**Collected data**

========

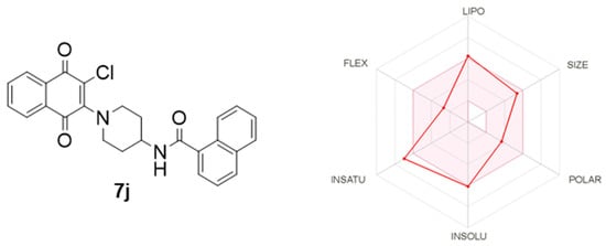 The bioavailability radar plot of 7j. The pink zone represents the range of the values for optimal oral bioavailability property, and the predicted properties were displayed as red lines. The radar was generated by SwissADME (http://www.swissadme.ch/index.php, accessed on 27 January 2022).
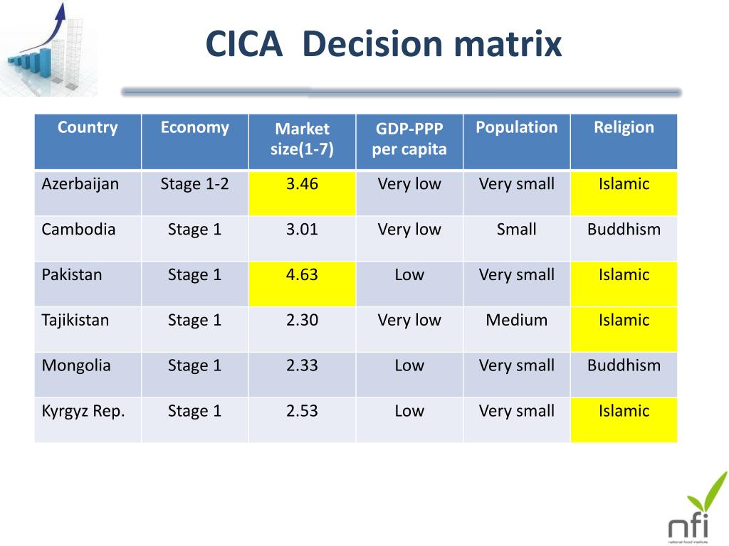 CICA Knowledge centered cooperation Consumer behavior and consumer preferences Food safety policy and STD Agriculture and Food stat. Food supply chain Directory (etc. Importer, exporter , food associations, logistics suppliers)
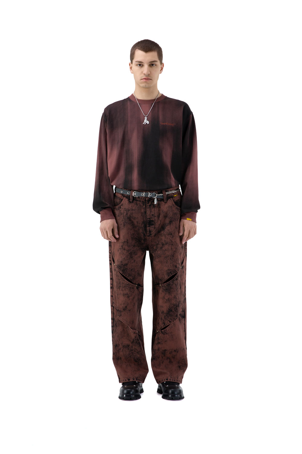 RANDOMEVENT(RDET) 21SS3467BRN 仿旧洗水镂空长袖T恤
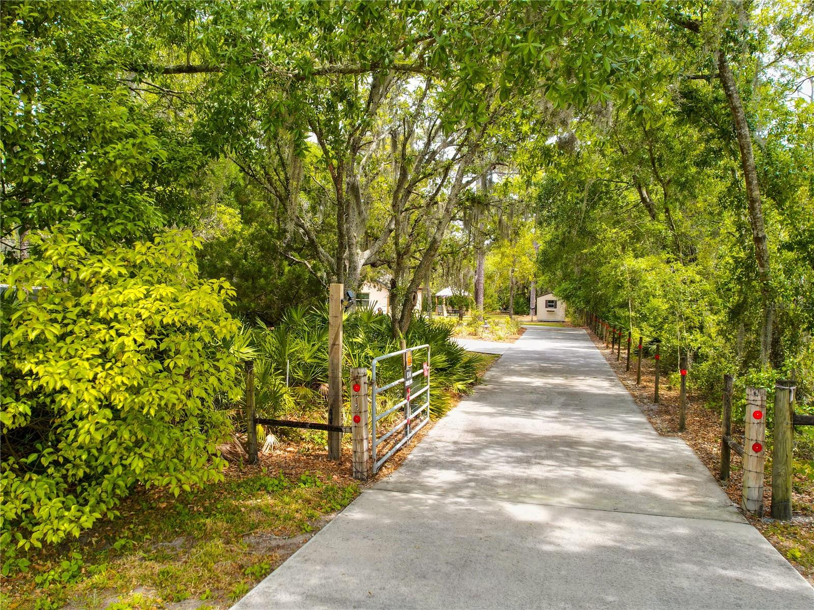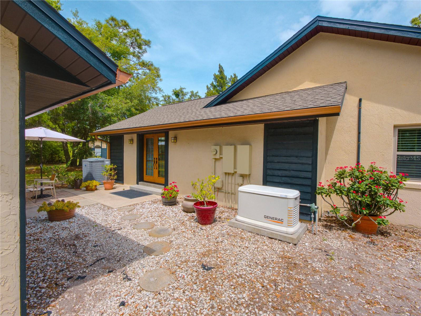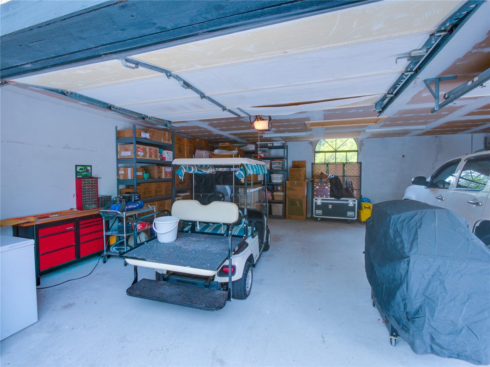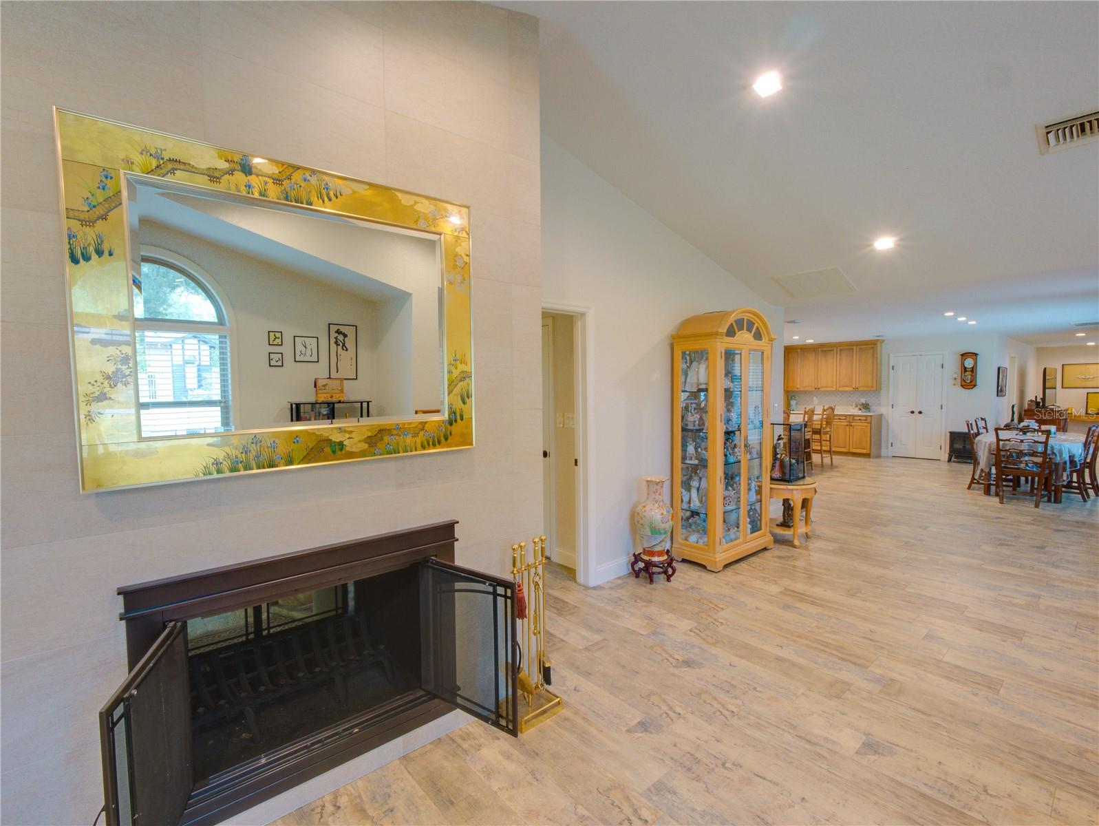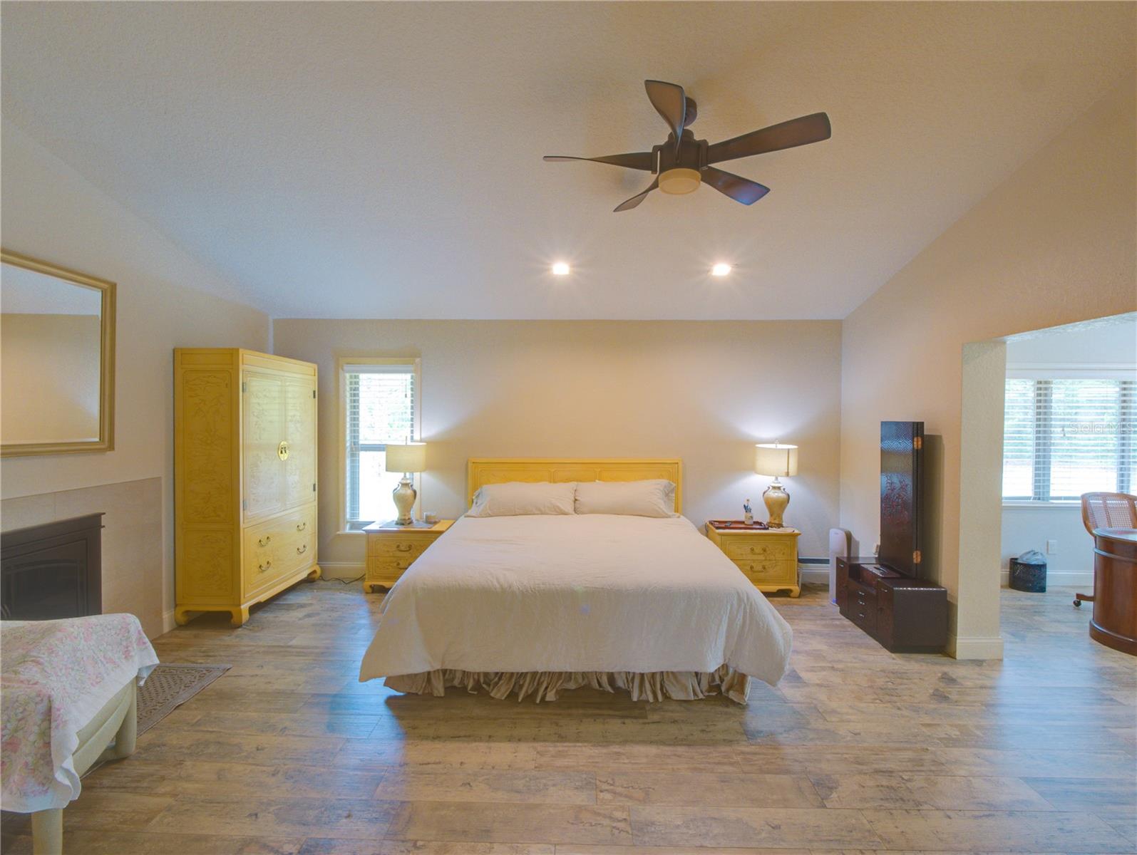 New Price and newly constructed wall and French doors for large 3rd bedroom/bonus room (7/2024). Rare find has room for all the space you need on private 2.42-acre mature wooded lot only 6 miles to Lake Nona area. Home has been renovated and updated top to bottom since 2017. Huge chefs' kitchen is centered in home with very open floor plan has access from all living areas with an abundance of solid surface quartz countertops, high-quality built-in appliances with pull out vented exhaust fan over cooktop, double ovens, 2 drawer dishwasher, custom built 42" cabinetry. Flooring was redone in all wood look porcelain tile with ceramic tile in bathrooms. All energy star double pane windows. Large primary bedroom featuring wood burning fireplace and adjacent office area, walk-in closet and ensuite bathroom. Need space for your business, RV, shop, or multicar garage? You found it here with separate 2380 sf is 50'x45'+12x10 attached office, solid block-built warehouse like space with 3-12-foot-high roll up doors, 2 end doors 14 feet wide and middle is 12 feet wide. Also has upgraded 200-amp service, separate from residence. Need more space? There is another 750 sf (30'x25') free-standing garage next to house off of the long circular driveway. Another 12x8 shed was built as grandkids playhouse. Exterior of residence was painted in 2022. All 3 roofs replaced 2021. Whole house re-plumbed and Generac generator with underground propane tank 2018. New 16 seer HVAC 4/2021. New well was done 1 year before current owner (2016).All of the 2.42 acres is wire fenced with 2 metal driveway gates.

========

**Required work**
Output only the lines running from the top of the data above to the line with "RANDOMEVENT(RDET) 21SS3467BRN 仿旧洗水镂空长袖T恤", inclusive, word for word and without pictures.

**Answer to this problem**
 The bioavailability radar plot of 7j. The pink zone represents the range of the values for optimal oral bioavailability property, and the predicted properties were displayed as red lines. The radar was generated by SwissADME (http://www.swissadme.ch/index.php, accessed on 27 January 2022).
 CICA Knowledge centered cooperation Consumer behavior and consumer preferences Food safety policy and STD Agriculture and Food stat. Food supply chain Directory (etc. Importer, exporter , food associations, logistics suppliers)
 RANDOMEVENT(RDET) 21SS3467BRN 仿旧洗水镂空长袖T恤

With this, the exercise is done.